[SUPPLIED DATA]
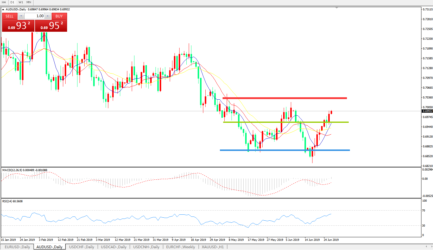 交易策略:0.6960上方看涨,目标0.7020、0.7100
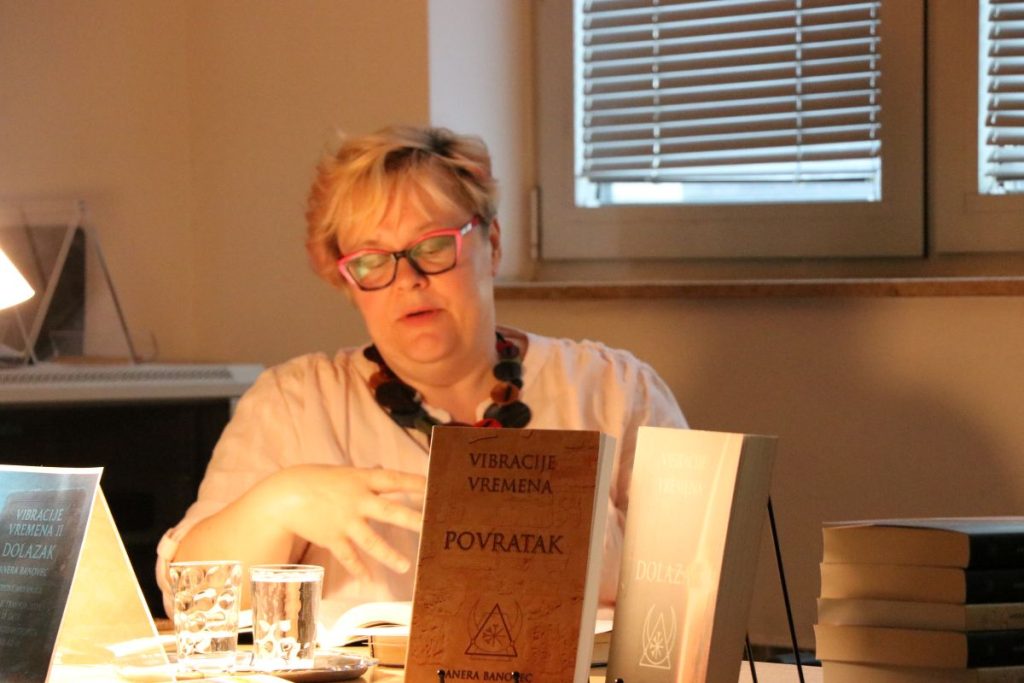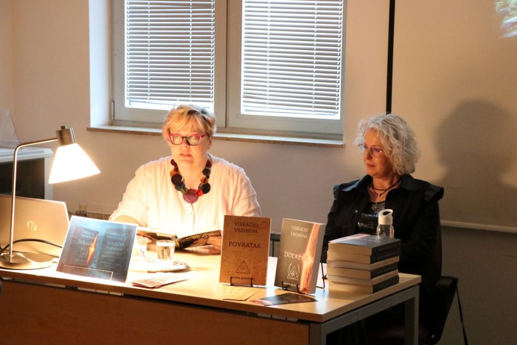Prošli sam tjedan imala veliko zadovoljstvo predstaviti drugi roman iz serijala Vibracije vremena u Knjižnici August Cesarec u Zagrebu. Pred punom dvoranom Ira Tuzlančić , viša knjižničarka, na svoj nenadmašni način čitala je isječke iz Dolaska, uvlačeći posjetitelje duboko u radnju.
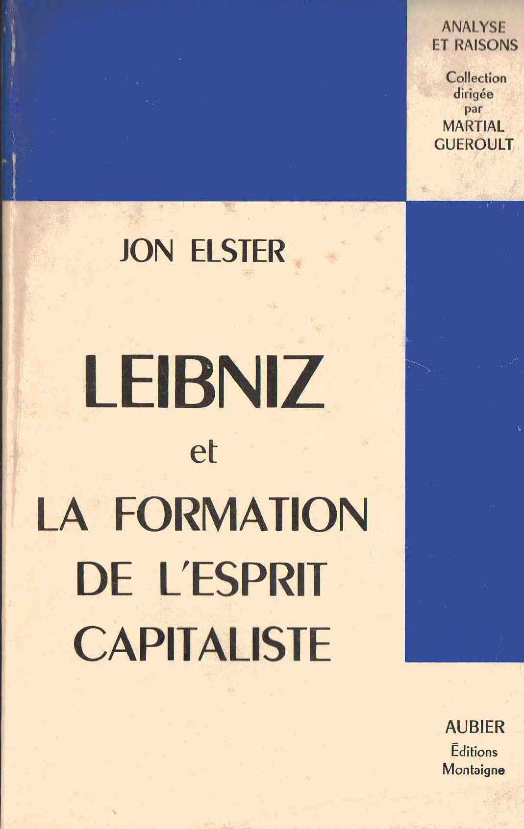 I first read Jon Elster as an undergraduate – Barbara Goodwin recommended his books Sour Grapes and Ulysses and the Sirens in her political theory class. Elster is also known as an analytical Marxist in works like Making Sense of Marx. But I’ve been trying to track down a (reasonably priced) copy of his first book, Leibniz et la formation de l’esprit capitaliste for some time. And now I have one.
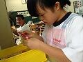 食品加工班では、喫茶(休憩のお茶の準備・片付け)やジャム作りに取り組みました。ジャムは、交流相手の東郷小中学校7年生のみなさんからいただいた金柑で作りました。
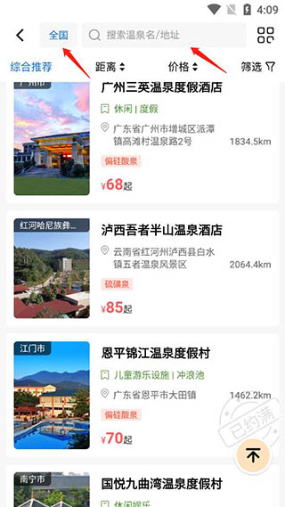 2、接着选择预定地区,在搜索栏搜索温泉名;
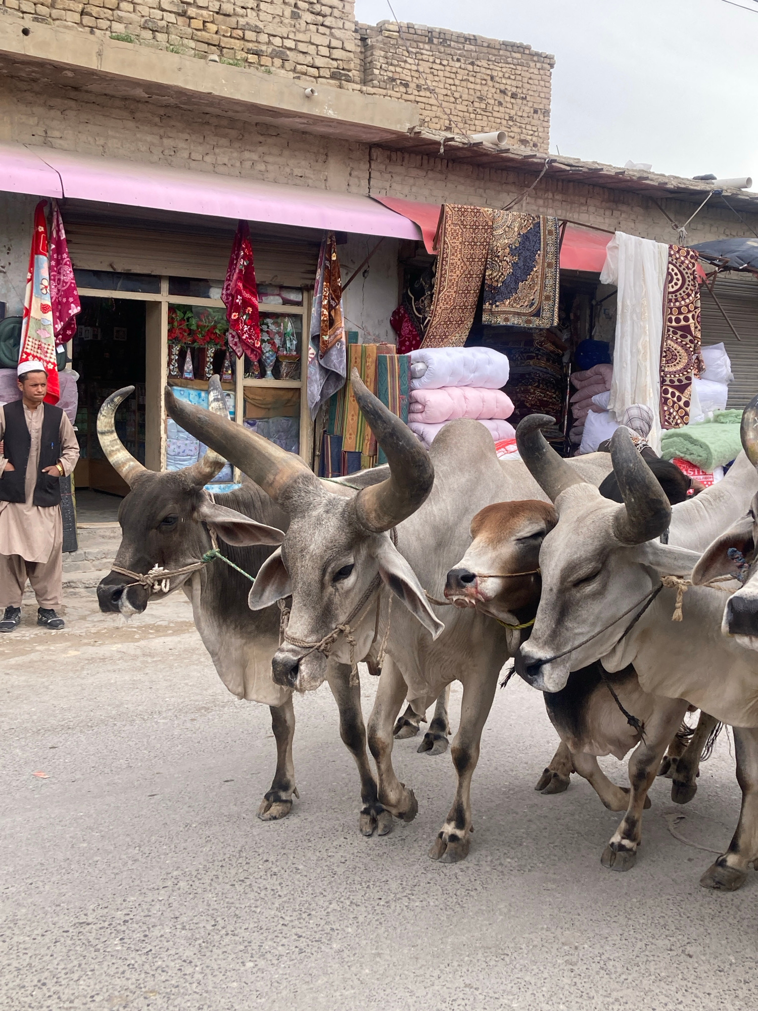 The image shows four gray oxen standing on a paved street in front of a building in Quetta City Tehsil, Pakistan. The oxen are tethered with ropes around their muzzles. A man stands in front of the ox…read more
[/SUPPLIED DATA]
TASK STATEMENT
Copy exactly the lines from the line containing "食品加工班では、喫茶(休憩の" through the last line of the records, both included, and omit every picture.

YOUR SOLUTION
 食品加工班では、喫茶(休憩のお茶の準備・片付け)やジャム作りに取り組みました。ジャムは、交流相手の東郷小中学校7年生のみなさんからいただいた金柑で作りました。
 2、接着选择预定地区,在搜索栏搜索温泉名;
 The image shows four gray oxen standing on a paved street in front of a building in Quetta City Tehsil, Pakistan. The oxen are tethered with ropes around their muzzles. A man stands in front of the ox…read more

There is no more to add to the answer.